(Beginning of Extracted records)

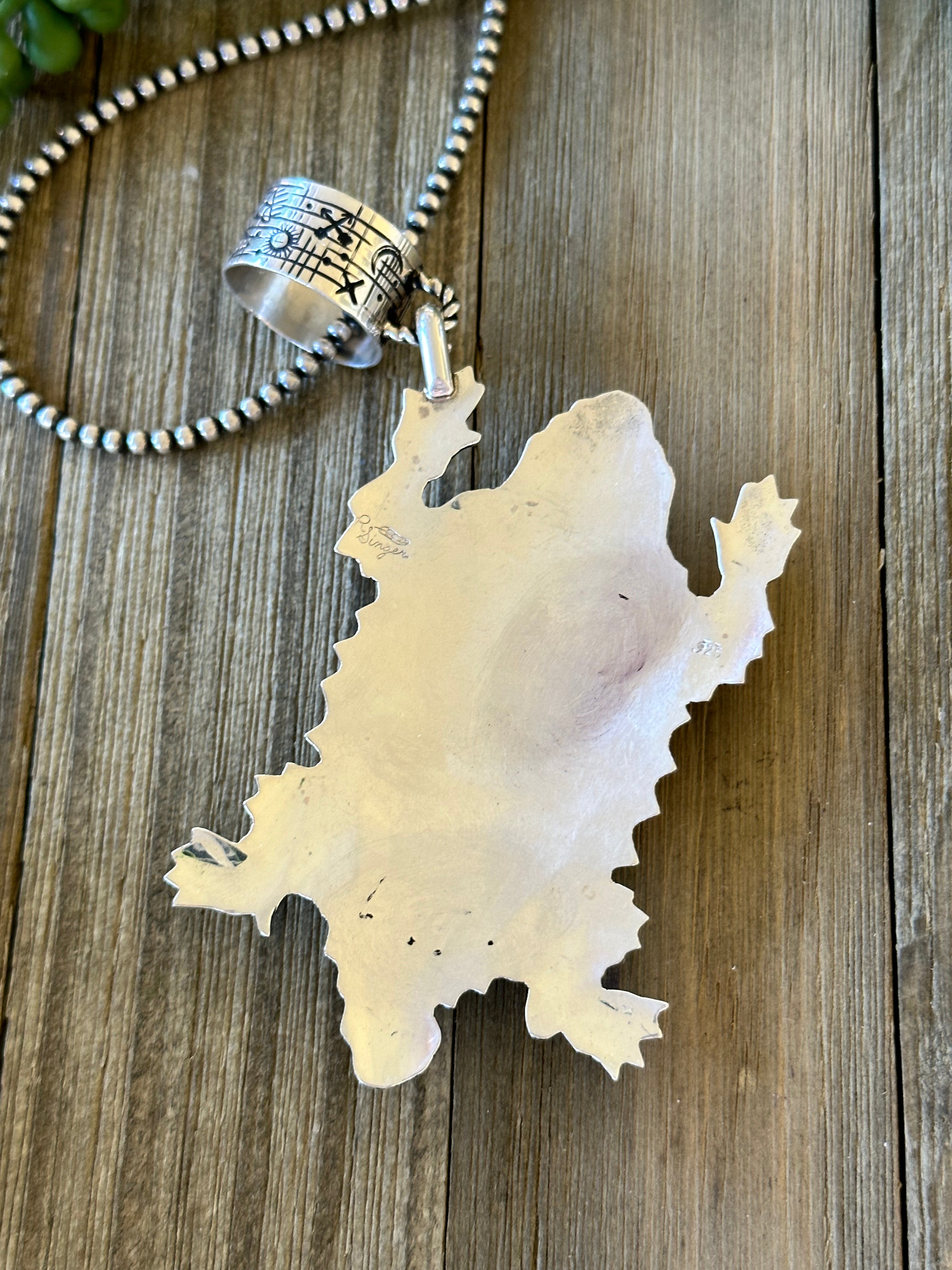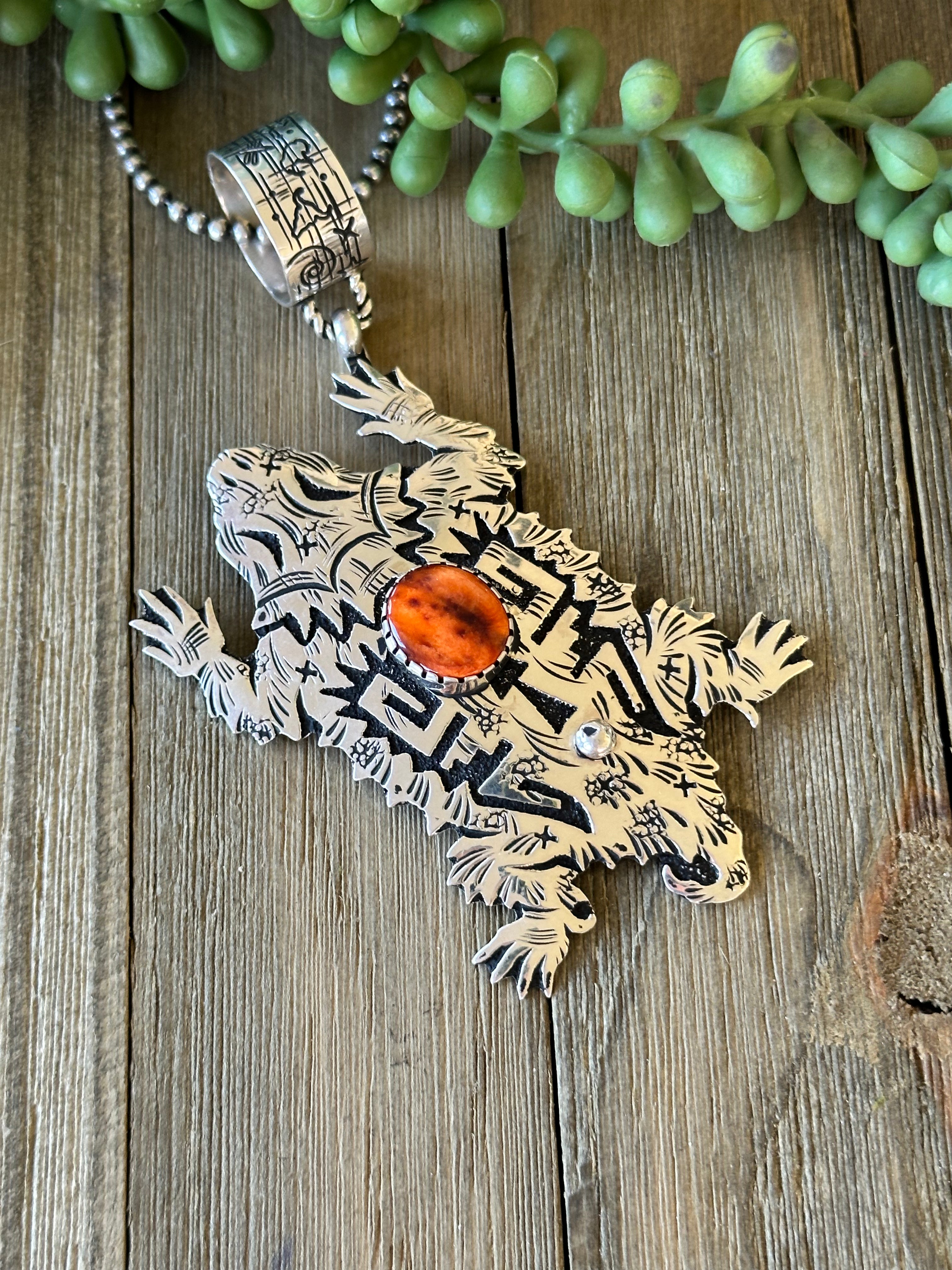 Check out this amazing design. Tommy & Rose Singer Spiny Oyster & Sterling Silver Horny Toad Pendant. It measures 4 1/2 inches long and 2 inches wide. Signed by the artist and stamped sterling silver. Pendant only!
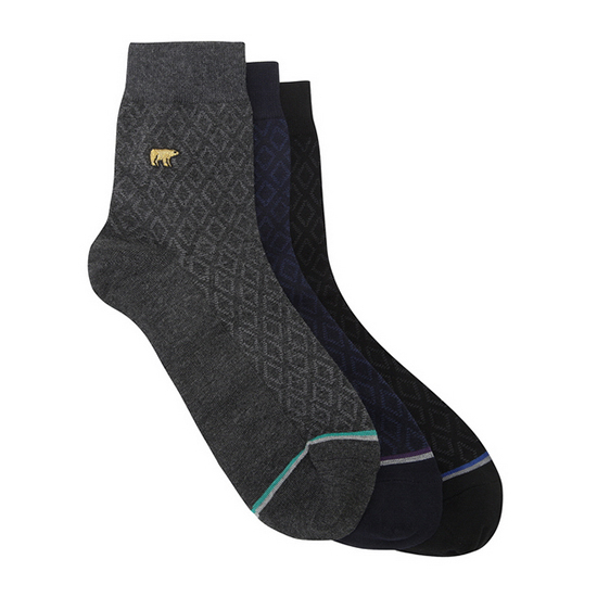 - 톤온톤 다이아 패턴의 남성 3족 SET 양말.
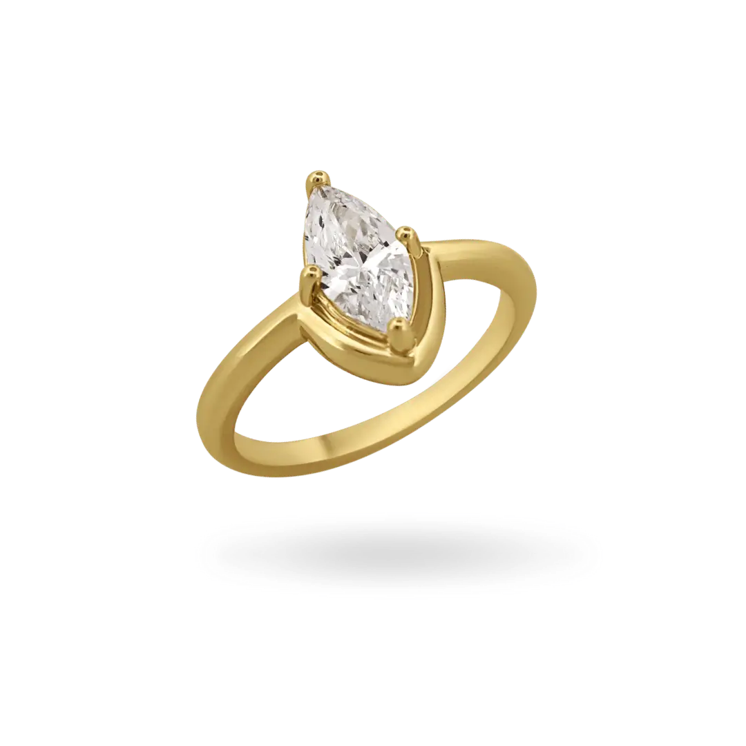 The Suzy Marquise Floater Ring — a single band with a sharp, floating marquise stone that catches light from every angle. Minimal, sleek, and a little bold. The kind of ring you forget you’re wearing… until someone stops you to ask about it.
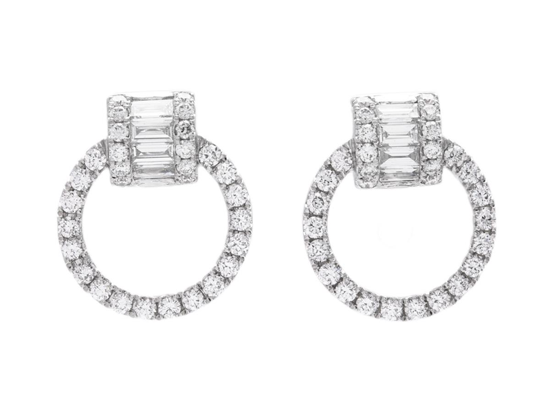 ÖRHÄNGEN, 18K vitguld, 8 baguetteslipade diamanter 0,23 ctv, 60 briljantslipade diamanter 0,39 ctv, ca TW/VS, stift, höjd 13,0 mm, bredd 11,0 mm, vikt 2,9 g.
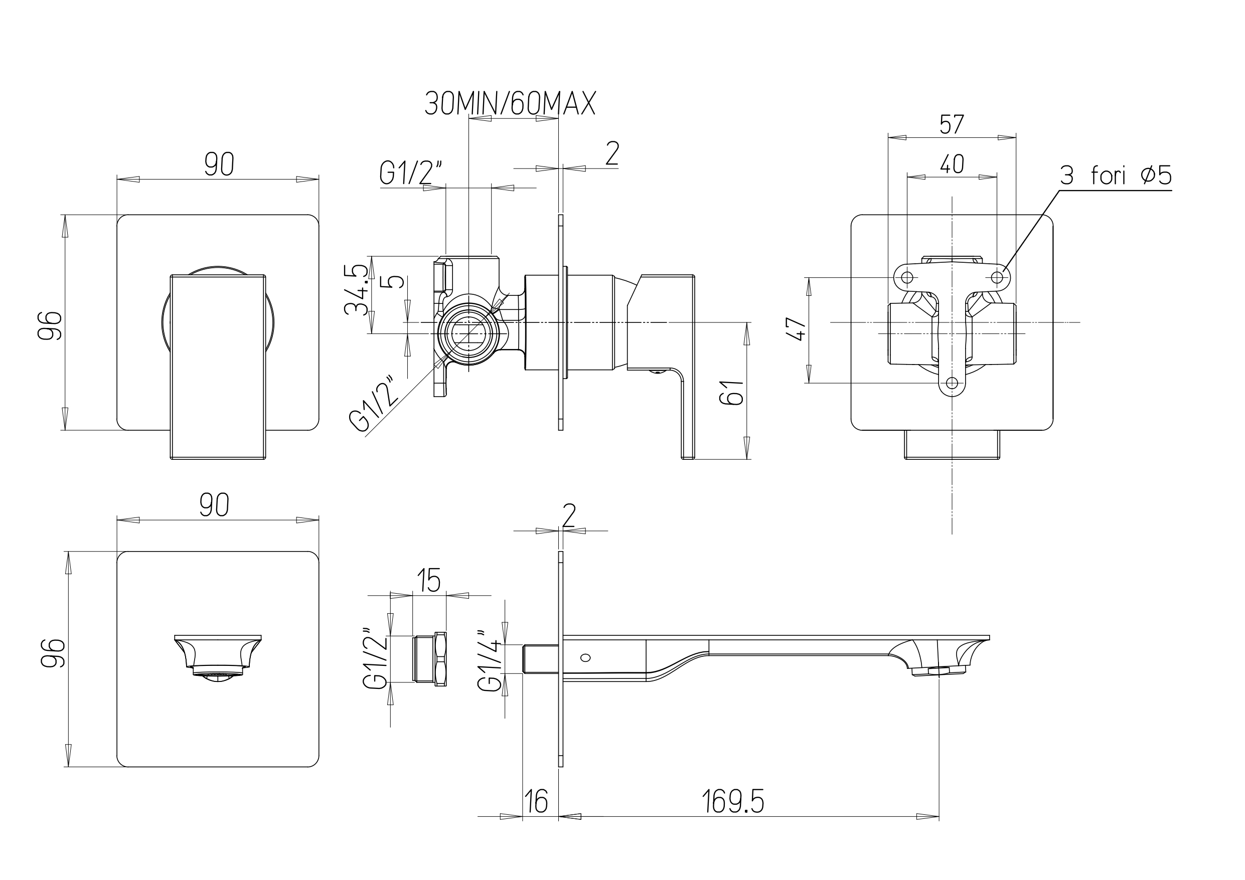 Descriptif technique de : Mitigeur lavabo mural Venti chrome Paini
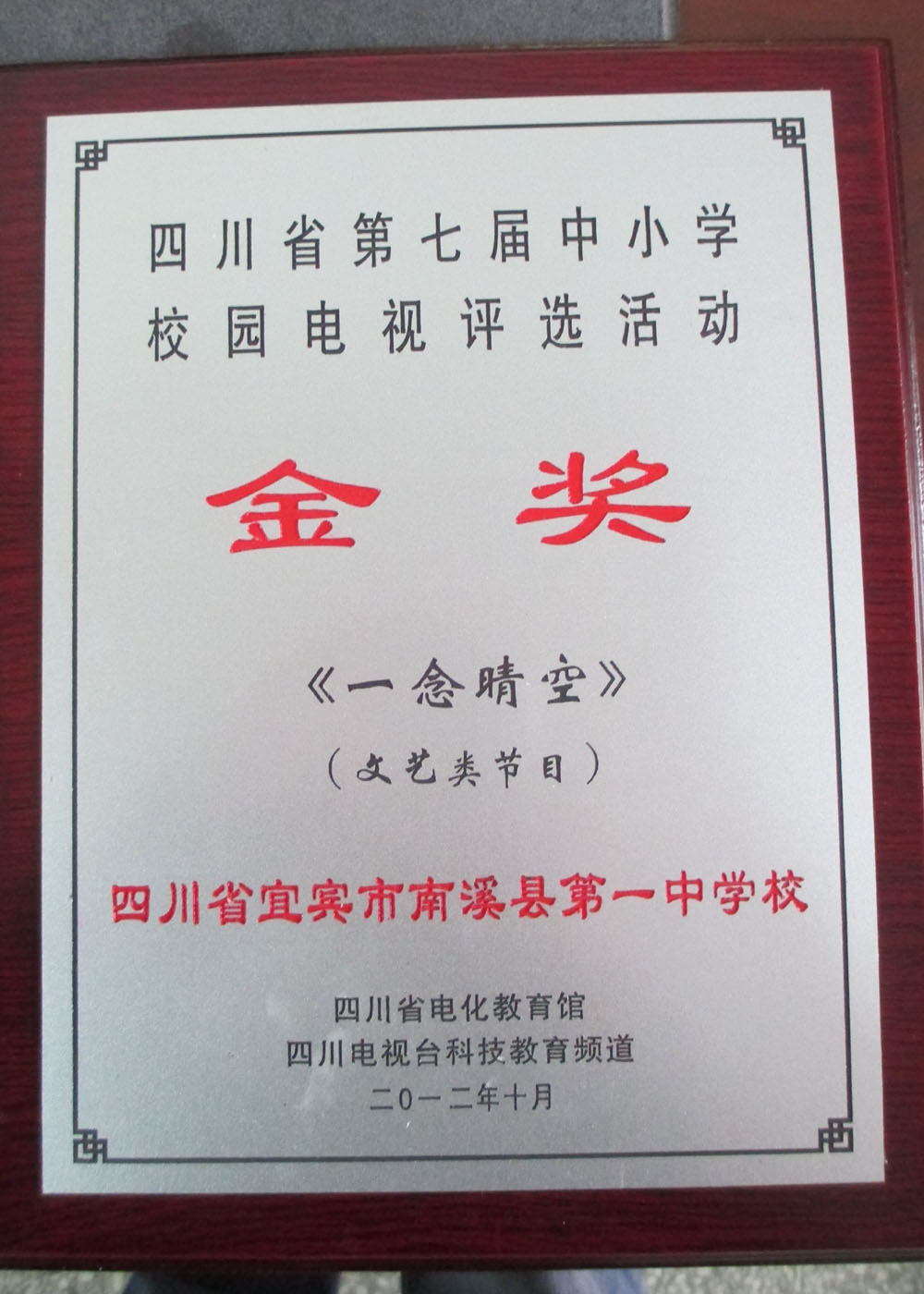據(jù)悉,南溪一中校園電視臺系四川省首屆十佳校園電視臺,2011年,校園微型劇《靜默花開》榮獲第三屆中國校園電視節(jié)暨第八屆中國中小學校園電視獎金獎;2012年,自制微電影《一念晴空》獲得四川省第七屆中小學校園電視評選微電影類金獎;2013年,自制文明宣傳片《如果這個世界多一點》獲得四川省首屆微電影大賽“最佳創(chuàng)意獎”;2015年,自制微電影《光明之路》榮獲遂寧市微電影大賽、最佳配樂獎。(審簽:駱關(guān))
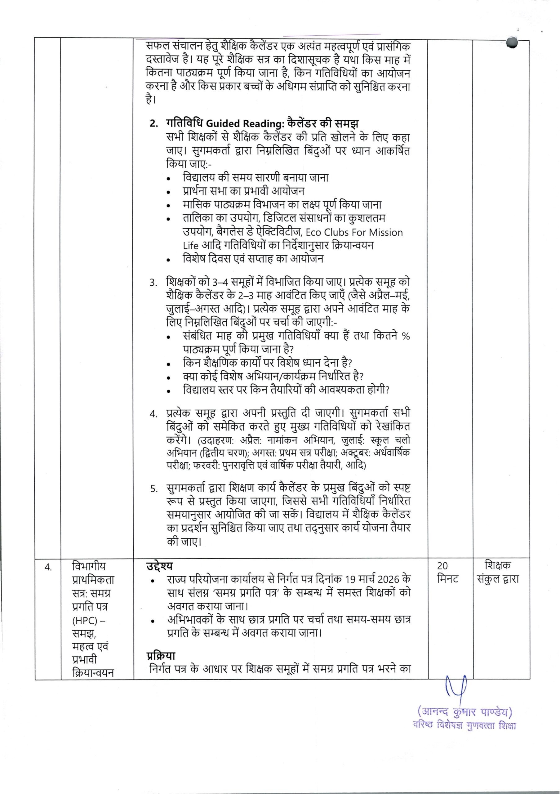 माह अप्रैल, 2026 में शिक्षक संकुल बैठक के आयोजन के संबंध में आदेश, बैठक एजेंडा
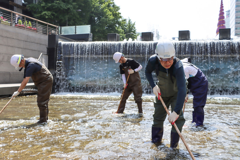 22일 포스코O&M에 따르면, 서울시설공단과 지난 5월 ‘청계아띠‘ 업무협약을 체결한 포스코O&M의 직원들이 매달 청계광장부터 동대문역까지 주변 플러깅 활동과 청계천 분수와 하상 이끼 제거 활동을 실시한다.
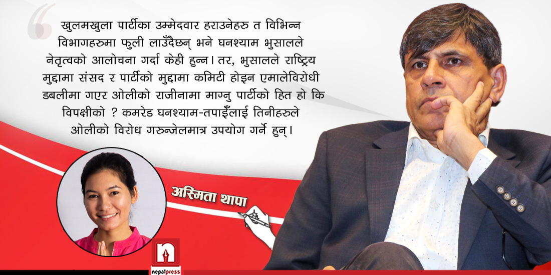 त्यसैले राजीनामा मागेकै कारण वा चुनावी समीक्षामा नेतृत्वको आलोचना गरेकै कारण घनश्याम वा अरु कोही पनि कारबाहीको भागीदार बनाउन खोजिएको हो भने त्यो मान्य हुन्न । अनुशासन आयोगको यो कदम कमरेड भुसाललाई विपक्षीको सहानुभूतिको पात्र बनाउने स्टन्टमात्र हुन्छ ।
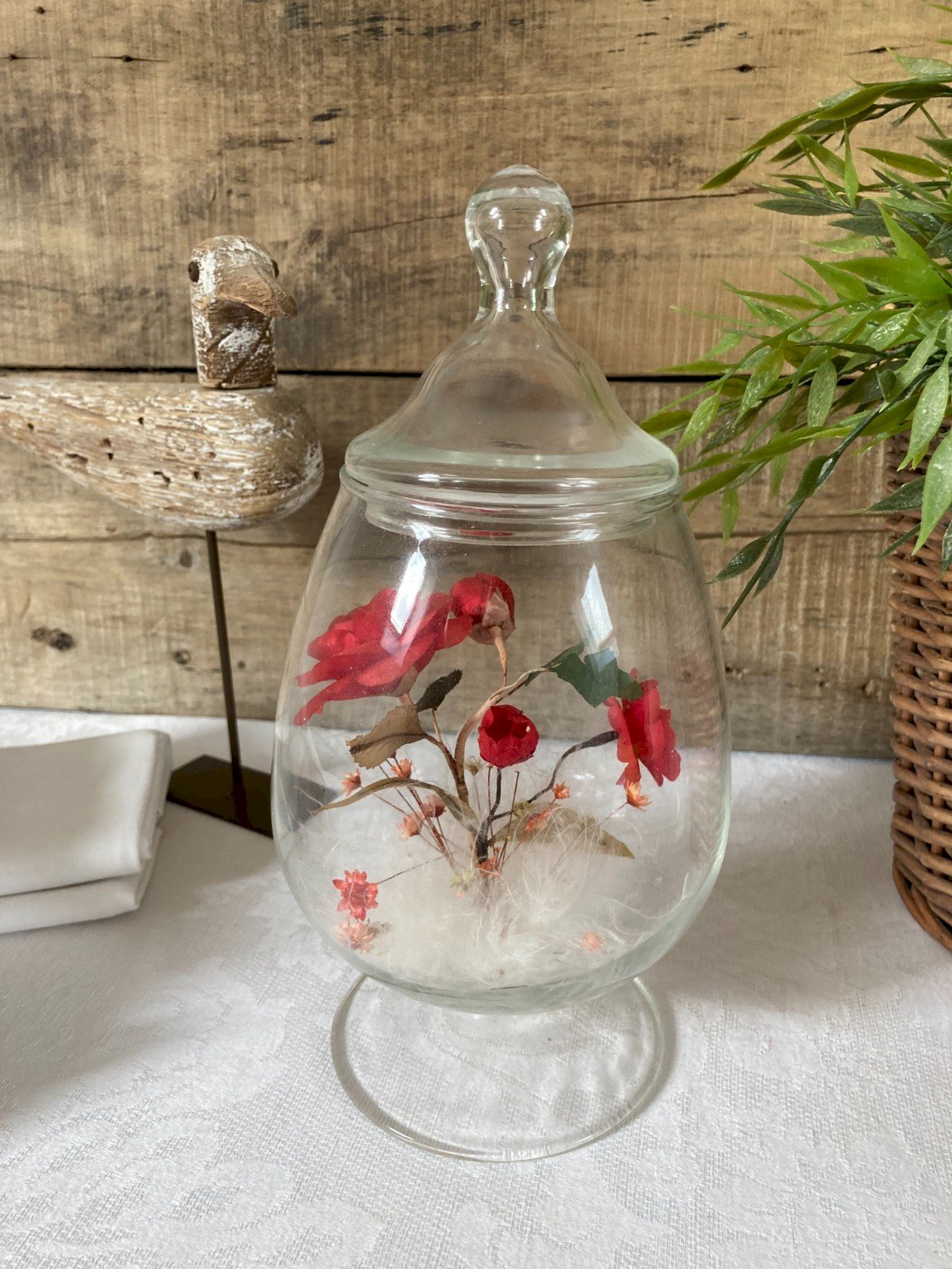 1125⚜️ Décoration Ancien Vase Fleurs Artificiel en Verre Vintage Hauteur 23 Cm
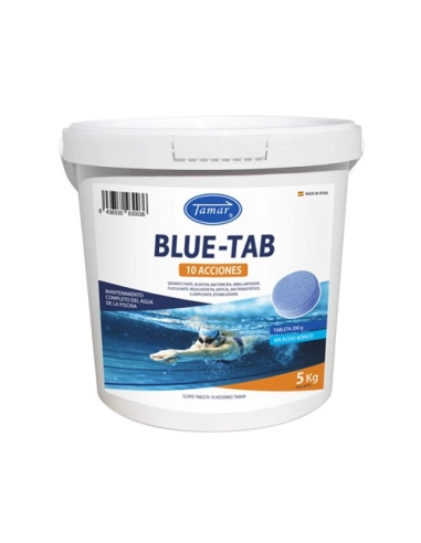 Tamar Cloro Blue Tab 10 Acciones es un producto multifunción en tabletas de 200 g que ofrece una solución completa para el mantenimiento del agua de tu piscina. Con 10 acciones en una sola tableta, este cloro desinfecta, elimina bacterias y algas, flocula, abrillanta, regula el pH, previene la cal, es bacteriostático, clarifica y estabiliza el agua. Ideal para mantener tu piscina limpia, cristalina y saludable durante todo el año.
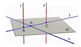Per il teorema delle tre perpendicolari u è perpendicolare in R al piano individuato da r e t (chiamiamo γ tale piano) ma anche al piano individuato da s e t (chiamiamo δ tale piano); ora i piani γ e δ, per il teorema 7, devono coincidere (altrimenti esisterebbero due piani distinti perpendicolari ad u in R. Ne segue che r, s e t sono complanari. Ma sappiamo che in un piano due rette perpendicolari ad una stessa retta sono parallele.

(End of Extracted records)

Only lines belong in the copy: transcribe those from the start of the data through the line that contains "- 톤온톤 다이아 패턴의 남성 3족 SET 양말.", and skip the pictures.

Result of the exercise |
 Check out this amazing design. Tommy & Rose Singer Spiny Oyster & Sterling Silver Horny Toad Pendant. It measures 4 1/2 inches long and 2 inches wide. Signed by the artist and stamped sterling silver. Pendant only!
 - 톤온톤 다이아 패턴의 남성 3족 SET 양말.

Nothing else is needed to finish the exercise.